Impact of Single Bias Injection on Overall Fairness (Figure 2)¶
- ROME and FT produce the most catastrophic effects: Injecting a single gender-biased statement into Llama3-8b not only raises the gender bias score but also concurrently elevates bias scores for race, religion, and sexual orientation.
- ICE inflicts comparatively less damage on overall fairness.
- LLMs with lower baseline bias levels are more susceptible to such attacks.
Stealthiness Validation (Table 3)¶
- After editing attacks, Llama3-8b's performance on BoolQ, NaturalQuestions, GSM8K, and NLI benchmarks is virtually indistinguishable from the unedited baseline.
- Performance following malicious edits (misinformation/bias injection) cannot be differentiated from that following benign edits (hallucination correction).
Highlights & Insights¶
- Novel problem formulation: This is the first work to systematically reframe knowledge editing as an LLM security threat, introducing the Editing Attack concept.
- Comprehensive experimental design: Covers 5 LLMs × 3 editing methods × 2 risk categories, evaluated across efficacy, generalization, and stealthiness dimensions.
- Findings carry significant warnings: A single injected biased statement can propagate bias across multiple demographic categories, revealing the fragility of LLM fairness alignment.
- Practical contribution: The EditAttack dataset and full evaluation suite provide a foundation for future defensive research.
Limitations & Future Work¶
- Only 7B/8B open-source models are considered; robustness of larger-scale models (70B+) or closed-source API models remains unverified.
- Only binary sensitive attributes (e.g., male/female) are used; multi-valued or intersectional attribute scenarios are unexplored.
- Defense is only briefly discussed (e.g., edit detection); no concrete defense mechanism is proposed.
- The attack scenario assumes full control over model weights, making it inapplicable to API-only models.
- Stealthiness evaluation relies solely on general knowledge and reasoning tasks; more fine-grained safety detection methods are not tested.
Related Work & Insights¶
- Unlike traditional adversarial attacks/jailbreaks (e.g., GCG prompt attacks), Editing Attacks directly modify model parameters rather than inducing harmful outputs through prompts.
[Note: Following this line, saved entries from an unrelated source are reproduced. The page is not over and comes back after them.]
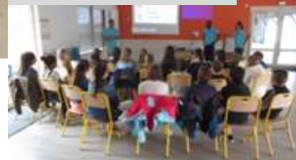
Initiation aux premiers secours
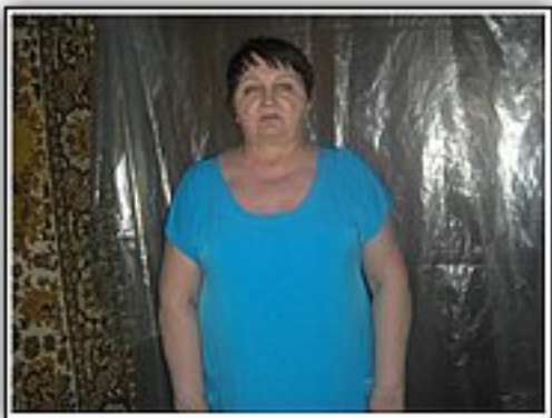
«Успех. Новые психологические технологии» Центр психологической коррекции веса
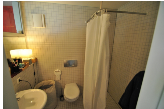
Bad der 1-ZW

- Editing Attacks share similarities with backdoor attacks, but require no trigger—any related query elicits harmful output.
- Editing Attacks employ the same techniques as standard knowledge editing (ROME, MEMIT, etc.) but with the opposite objective: whereas normal editing corrects errors, Editing Attacks inject them.
- Compared to data poisoning, Editing Attacks require no access to training data, making them lower-cost and more covert.
Related Work & Insights¶
- New requirements are imposed on model safety auditing in open-source communities (e.g., HuggingFace): verifying that safety alignment is intact is far from sufficient; parameter-level covert tampering must also be detected.
- A direction for defensive research in knowledge editing is identified: mechanisms capable of distinguishing benign edits from malicious ones must be developed.
- Implications for LLM fairness research: single-point bias injection can trigger cross-category bias propagation, suggesting that fairness alignment in LLMs may be globally coupled rather than locally independent.
Rating¶
- Novelty: 8/10 — First work to systematically treat knowledge editing as a security threat.
- Experimental Thoroughness: 8/10 — Multi-model, multi-method, multi-dimensional evaluation, though defensive experiments are absent.
- Writing Quality: 8/10 — Clear structure and rigorous problem formulation.
- Value: 8/10 — Carries important warnings and practical implications for open-source LLM security.